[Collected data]
*** Begin section ***

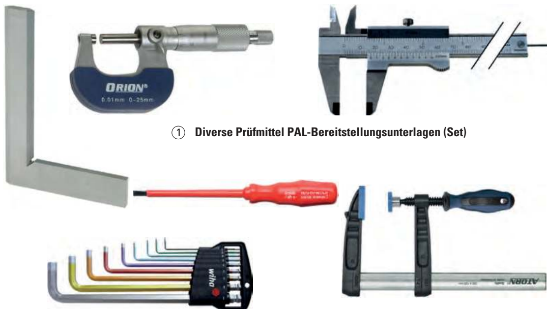
① Diverse Prüfmittel PAL-Bereitstellungsunterlagen (Set)
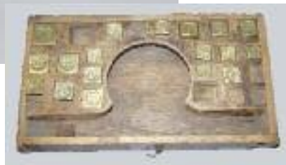
Boîte de pesage de la monnaie en bois contenant un trébuchet avec ses poids par André Lefranc (actif entre 1630 et 1664). XVIIe siècle (manque six poids) H. 4 L. 21 P. 11,5 cm 400/450
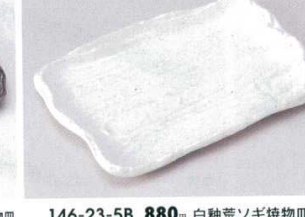
146-23-5B 880円 白釉荒ソギ焼物皿 40入 22×15×2.2cm
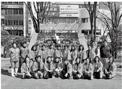
福島明成高校の先生、ありがとうございました

また、同日は会員交流委員会、地域・事業委員会が、令和元年度最後の会議を開催致しました。
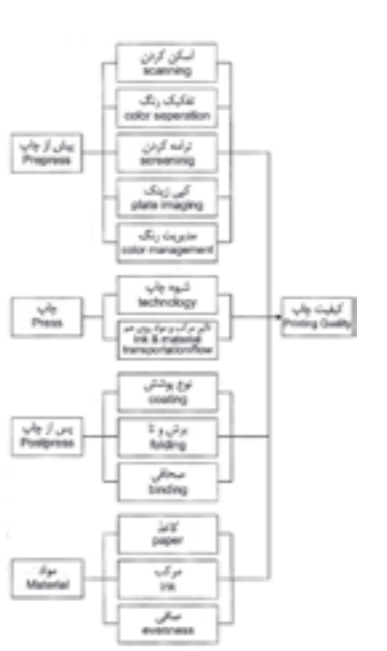
نمودار ۱:عوامل تأثیرگذار بر کیفیت چاپ ماخذ:(عفرایی ، ۱۳۸۳ ، ۱۵)

امادر «لیتوگرافی»مدرن ، زمانی کهسند چاپی از طریق نرم‌افزارهای رایانه‌ای تهیه شود و یا نمونه‌ی دستی ، «اسکن» [۲۲] شده و نسخه‌ی «دیجیتال» تهیه گردد ، بسته به نوع دستگاه چاپ و نرم‌افزار مورد استفاده ، باید نسخه‌ی چاپی را با فرمتی که برای دستگاه چاپ شناخته شده باشد مانند «بی‌دی‌اف» [۲۳] ، تهیه نمود. در این مرحله ، توسط دستگاه
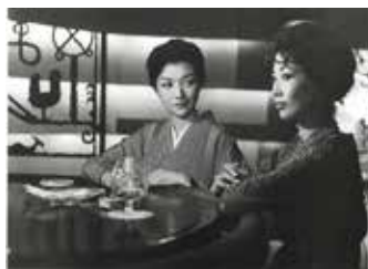
『女が階段を上る時』。1960 東宝

*** End section ***

* **Problem requirements**
Word for word, write out each line of the records, but leave the pictures behind.

* **Completed task**
① Diverse Prüfmittel PAL-Bereitstellungsunterlagen (Set)
Boîte de pesage de la monnaie en bois contenant un trébuchet avec ses poids par André Lefranc (actif entre 1630 et 1664). XVIIe siècle (manque six poids) H. 4 L. 21 P. 11,5 cm 400/450
146-23-5B 880円 白釉荒ソギ焼物皿 40入 22×15×2.2cm
福島明成高校の先生、ありがとうございました

また、同日は会員交流委員会、地域・事業委員会が、令和元年度最後の会議を開催致しました。
نمودار ۱:عوامل تأثیرگذار بر کیفیت چاپ ماخذ:(عفرایی ، ۱۳۸۳ ، ۱۵)

امادر «لیتوگرافی»مدرن ، زمانی کهسند چاپی از طریق نرم‌افزارهای رایانه‌ای تهیه شود و یا نمونه‌ی دستی ، «اسکن» [۲۲] شده و نسخه‌ی «دیجیتال» تهیه گردد ، بسته به نوع دستگاه چاپ و نرم‌افزار مورد استفاده ، باید نسخه‌ی چاپی را با فرمتی که برای دستگاه چاپ شناخته شده باشد مانند «بی‌دی‌اف» [۲۳] ، تهیه نمود. در این مرحله ، توسط دستگاه
『女が階段を上る時』。1960 東宝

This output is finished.